Между боями, на биваке, он предавался вольному разгулу среди таких же доблестных друзей, готовых на любой подвиг. Давыдов не терпел «служак», карьеристов, муштру, всякую казенщину. Вот как он обращался к своему другу гусару Бурцову, приглашая отведать знаменитый арак (крепкий напиток):
Подавай лохань златую,
Где веселие живет!
Наливай обширной чаши
В шуме радостных речей,
Как пивали предки наши
Среди копий и мечей.
На коротком отдыхе он никогда не забывает о родине и «службе царской», т. е. о военном труде:
Но чу! Гулять не время!
К коням, брат, и ногу в стремя
Саблю вон – и в сечу! <…>
Давыдов гордился тем, что его поэзия не похожа ни на какую другую, что она родилась в походах, в боях, в досугах между битвами:
Пусть загремят войны перуны,
Я в этой песне виртуоз!
Правда, тут нужно внести некоторые поправки: вопреки словам Давыдова о том, что его стихотворения писались «при бивачных огнях», во время коротких отдыхов, на самом деле они создавались в тихой, уединенной обстановке, в периоды мирной жизни, в часы интеллектуального общения.
Д. Давыдову удалось создать выразительный и живописный образ «старого гусара» с любезными ему закрученными усами. Он окружен привычными приметами военного быта – у него, конечно, есть боевой конь, он виртуозно владеет саблей, а на коротком отдыхе любит закурить трубку, перекинуться в карты и выпить «жестокого пунша». Несмотря на эти замашки, он вовсе не только «ёра, забияка», но и прямой, искренний, смелый человек, истинный патриот. Превыше всего для него воинский долг, офицерская честь и презрение ко всяким светским условностям, лести, чинопочитанию. Давыдов создал живой и необычный лирический образ, к которому даже «подстраивал» свою реальную биографию.
Своими стихотворениями Давыдов сказал новое слово в русской батальной лирике, отличавшейся известной парадностью. Самой войны в стихотворениях Давыдова нет, но есть боевой дух офицера, широта души, распахнутой навстречу товарищам. Для выражения буйства чувств своевольной натуры поэта был потребен энергичный, лихо закрученный и хлесткий стих, часто завершавшийся острым афоризмом. Современники замечали, что и в жизни Давыдов был необычайно остроумен, словоохотлив, говорлив. Знаменитый исторический романист И. И. Лажечников вспоминал о Давыдове: «Хлестнет иногда в кого арканом своей насмешки, и тот летит кувырком с коня своего»[2].

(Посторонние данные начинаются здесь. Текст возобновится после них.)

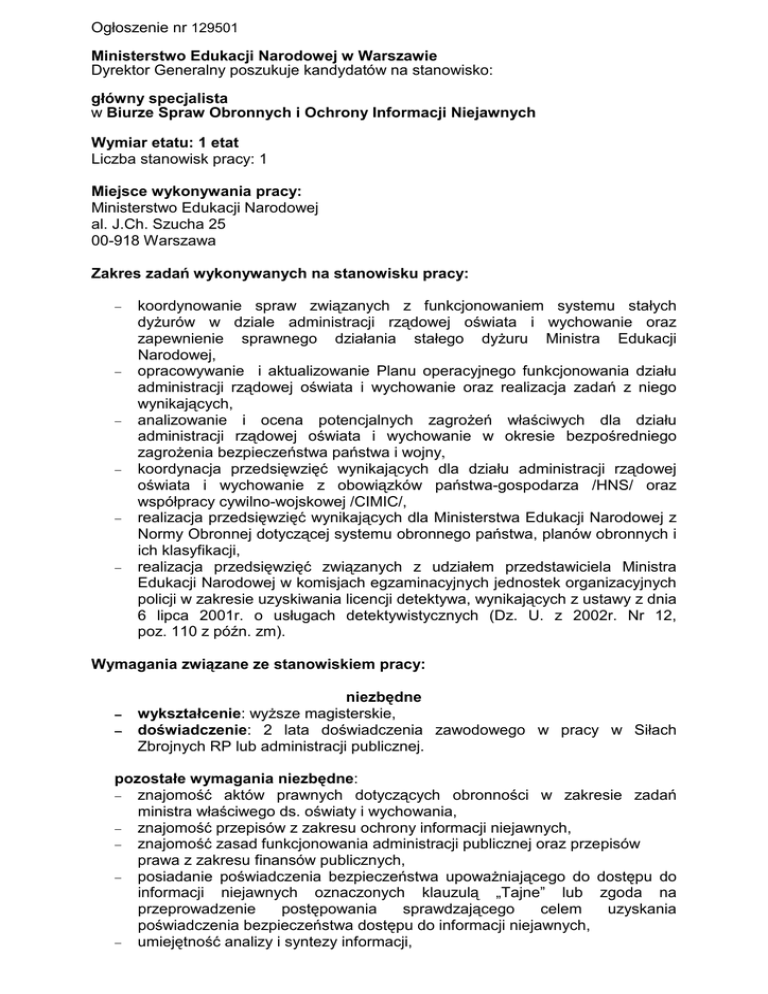 Ogłoszenie nr 129501 Ministerstwo Edukacji Narodowej w Warszawie Dyrektor Generalny poszukuje kandydatów na stanowisko: główny specjalista w Biurze Spraw Obronnych i Ochrony Informacji Niejawnych Wymiar etatu: 1 etat Liczba stanowisk pracy: 1 Miejsce wykonywania pracy: Ministerstwo Edukacji Narodowej al. J.Ch. Szucha 25 00-918 Warszawa Zakres zadań wykonywanych na stanowisku pracy: − − − − − − koordynowanie spraw związanych z funkcjonowaniem systemu stałych dyŜurów w dziale administracji rządowej oświata i wychowanie oraz zapewnienie sprawnego działania stałego dyŜuru Ministra Edukacji Narodowej, opracowywanie i aktualizowanie Planu operacyjnego funkcjonowania działu administracji rządowej oświata i wychowanie oraz realizacja zadań z niego wynikających, analizowanie i ocena potencjalnych zagroŜeń właściwych dla działu administracji rządowej oświata i wychowanie w okresie bezpośredniego zagroŜenia bezpieczeństwa państwa i wojny, koordynacja przedsięwzięć wynikających dla działu administracji rządowej oświata i wychowanie z obowiązków państwa-gospodarza /HNS/ oraz współpracy cywilno-wojskowej /CIMIC/, realizacja przedsięwzięć wynikających dla Ministerstwa Edukacji Narodowej z Normy Obronnej dotyczącej systemu obronnego państwa, planów obronnych i ich klasyfikacji, realizacja przedsięwzięć związanych z udziałem przedstawiciela Ministra Edukacji Narodowej w komisjach egzaminacyjnych jednostek organizacyjnych policji w zakresie uzyskiwania licencji detektywa, wynikających z ustawy z dnia 6 lipca 2001r. o usługach detektywistycznych (Dz. U. z 2002r. Nr 12, poz. 110 z późn. zm). Wymagania związane ze stanowiskiem pracy: − − niezbędne wykształcenie: wyŜsze magisterskie, doświadczenie: 2 lata doświadczenia zawodowego w pracy w Siłach Zbrojnych RP lub administracji publicznej. pozostałe wymagania niezbędne: − znajomość aktów prawnych dotyczących obronności w zakresie zadań ministra właściwego ds. oświaty i wychowania, − znajomość przepisów z zakresu ochrony informacji niejawnych, − znajomość zasad funkcjonowania administracji publicznej oraz przepisów prawa z zakresu finansów publicznych, − posiadanie poświadczenia bezpieczeństwa upowaŜniającego do dostępu do informacji niejawnych oznaczonych klauzulą „Tajne” lub zgoda na przeprowadzenie postępowania sprawdzającego celem uzyskania poświadczenia bezpieczeństwa dostępu do informacji niejawnych, − umiejętność analizy i syntezy informacji, − − − − − − − dokładność i precyzja w działaniu, bardzo dobra organizacja pracy własnej, kreatywność, komunikatywność, umiejętność samodzielnego rozwiązywania problemów, umiejętność pracy w sytuacjach stresowych, gotowość do wyjazdów słuŜbowych. wymagania dodatkowe − − − − doświadczenie na stanowiskach związanych z bezpieczeństwem narodowym, doświadczenie na stanowiskach związanych z kierowaniem/koordynowaniem pracy zespołu, doświadczenie w pracy na samodzielnym stanowisku w Siłach Zbrojnych RP lub organach administracji publicznej w obszarze bezpieczeństwa narodowego, doświadczenie w opracowywaniu planów operacyjnych, Wymagane dokumenty i oświadczenia: − − − − − − − − Ŝyciorys i list motywacyjny, oświadczenie kandydata o wyraŜeniu zgody na przetwarzanie danych osobowych do celów rekrutacji, kopie dokumentów potwierdzających wykształcenie, kopia dokumentu potwierdzającego posiadanie polskiego obywatelstwa lub oświadczenie o posiadaniu obywatelstwa polskiego, oświadczenie kandydata o nieskazaniu prawomocnym wyrokiem za umyślne przestępstwo lub umyślne przestępstwo skarbowe, oświadczenie kandydata o korzystaniu z pełni praw publicznych, kopie posiadanego poświadczenia bezpieczeństwa dostępu do informacji niejawnych oznaczonych klauzulą „Tajne” lub oświadczenie o zgodzie na przeprowadzenie postępowania sprawdzającego celem uzyskania poświadczenia bezpieczeństwa do dostępu do informacji niejawnych, kopie dokumentów potwierdzających wymagane doświadczenie zawodowe. PoŜądane są kopie dokumentów potwierdzających posiadane kwalifikacje, uprawnienia oraz szkolenia. Dokumenty naleŜy przesłać lub składać do: 6 grudnia 2010 r. pod adresem: Ministerstwo Edukacji Narodowej Biuro Kadr i Szkolenia, pok. 55 al. J. Ch. Szucha 25 00-918 Warszawa (z dopiskiem „Oferta pracy główny specjalista BON-1) Inne informacje: Do składania dokumentów zachęcamy równieŜ osoby niepełnosprawne. Kandydaci spełniający wymagania formalne, którzy - po analizie ofert - zostaną zakwalifikowani do kolejnego etapu naboru, będą powiadomieni o terminie jego przeprowadzenia. Zastrzegamy sobie moŜliwość kontaktowania się z wybranymi kandydatami. Oświadczenia, list motywacyjny oraz cv muszą być podpisane własnoręcznie. Oferty nadesłane (poza ofertą wyłonionego kandydata) zostaną komisyjnie zniszczone po zakończeniu naboru. Dodatkowe informacje moŜna uzyskać pod nr tel. 34-74-738, 22 34-74-852, 34-74-170

Подстать «виртуозному» стиху была и поэтическая речь Давыдова. Поэт усвоил принципы «школы гармонической точности» с ее главными требованиями «вкуса» и «гармонии». Но вкус и гармония в стихах Давыдова особенные: они возникают на фоне привычной элегической лирики если не как ее отрицание, то как ее поправка. Давыдову, конечно, нужен общий стилистический фон, на котором отступления, так называемые семантические сдвиги, сразу бросаются в глаза. Но они не вступают в конфликт с общим стилем, а гармонируют с ним.

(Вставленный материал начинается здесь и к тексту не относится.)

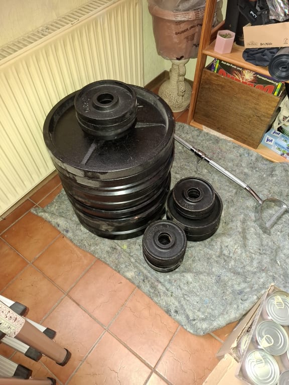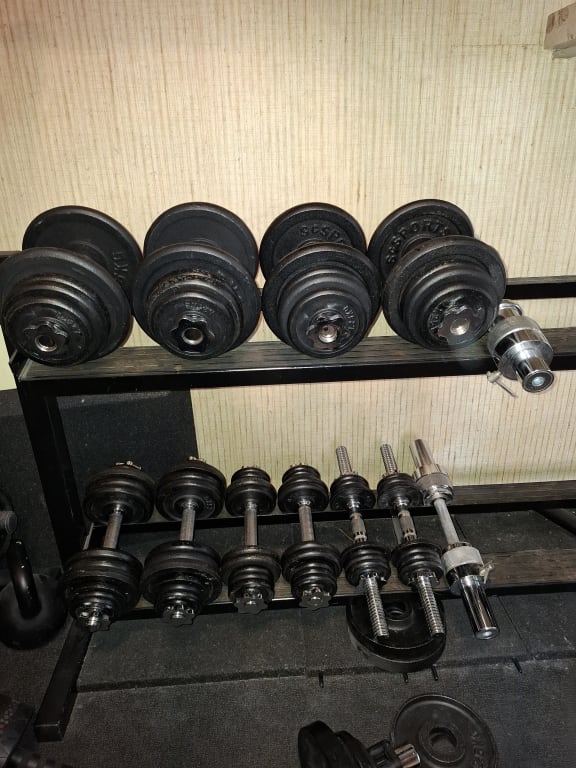 50mm cast iron plates (85 kg): 2x20kg | 4x5kg | 4x2.5kg | 12x1.25kg.

Элегический канон, как известно, был установлен подражателями Жуковского. Герой «унылой» медитативной элегии задумчив, грустен, мечтателен. Он пребывает в размышлении. Герой Давыдова, напротив, энергичен, он весь в действии, он страстен, чувственен, ревнив, ему знакомо чувство мести. Свои эмоции он выражает непосредственно, до и без размышления, часто «небрежно». В этом состоит прелесть живых стихов Давыдова, которых как будто не коснулась рука искусного мастера. Значит, стихи Давыдова были «мгновенным отпечатком душевных движений»[3] и сохраняли присущую им эмоциональную энергию. Благодаря этому стертые поэтизмы неожиданно оживляются: в них внесено конкретно-чувственное содержание.

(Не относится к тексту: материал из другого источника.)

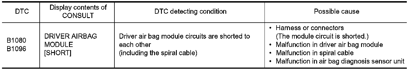 1.Replace air bag diagnosis sensor unit. Refer to "Removal and Installation" Removal And Installation.

Новаторство Давыдова особенно заметно не только в «гусарской» лирике, но и в любовной. Здесь поэт также смел в выражениях, часто сближая образы разных и далеких сфер, совмещая просторечие, прозаизмы с поэтизмами, заметно снижая поэтическую речь. В любовных элегиях Давыдова можно встретиться с несколько необычным явлением: по форме стихотворение представляет собой типичную любовную элегию («О, пощади! – Зачем волшебство ласк и слов.») с привычным для нее поэтическим словарем, но те анафорические обороты речи, восклицания, вопросы и весь интонационно-синтаксический рисунок, в которые заключены эти слова, характерны не для элегической, а для ораторской речи, свойственной больше оде, чем элегии. Точно так же оде более присущ «эмоциональный гиперболизм», выражающий экстатическое переживание:
Но ты вошла – и дрожь любви,
И смерть, и жизнь, и бешенство желанья
Бегут по вспыхнувшей крови,
И разрывается дыханье!
Пушкин, по собственному признанию, учился у Давыдова, «приноравливался к его слогу» и подражал ему в «кручении стиха». По словам Пушкина, Давыдов дал ему «почувствовать еще в лицее возможность быть оригинальным». Но в отличие от Давыдова Пушкин в обыденной жизни не носил литературной маски. Он оставался самим собой, а Давыдов, создав свою литературную маску лихого рубаки, гусара-поэта, стал примерять ее к жизни и сросся с ней. В бытовом поведении он стал подражать своему лирическому герою и отождествлял себя с ним.
В литературных баталиях второй половины 1820-1830-х годов Д. Давыдов поддерживал писателей, объединившихся около Пушкина и образовавших так называемый пушкинский круг литераторов. Из наиболее значительных поэтов того времени в него вошли Е. Баратынский, П. Вяземский, А. Дельвиг, Н. Языков. Какого-либо формального объединения этих поэтов не существовало. Названия, которыми обычно обозначают общность этих поэтов, условны: «пушкинская плеяда», «поэты пушкинской поры», «поэты пушкинской эпохи», «поэты пушкинского круга», «поэты пушкинского направления», «поэты пушкинской школы», «спутники Пушкина» или даже «в созвездии Пушкина». Помимо перечисленных авторов к поэтам пушкинской поры относят едва ли не всех поэтов, писавших в одно с Пушкиным время. Считается, что «пушкинская эпоха» – это эпоха, сформировавшая Пушкина, и эпоха, прошедшая под знаком Пушкина. Несколько уже по объему, но все-таки достаточно широкое понятие – «поэты пушкинского круга», поскольку в него включаются поэты, биографически и творчески близкие к Пушкину. Самым широким является понятие «писатели пушкинского круга», так как сюда входят не только поэты, но и прозаики, и критики, и журналисты, и друзья, и знакомые, умевшие держать в руках перо и владевшие им. В этом учебнике мы пользуемся понятием «поэты пушкинского круга», сознавая всю условность термина.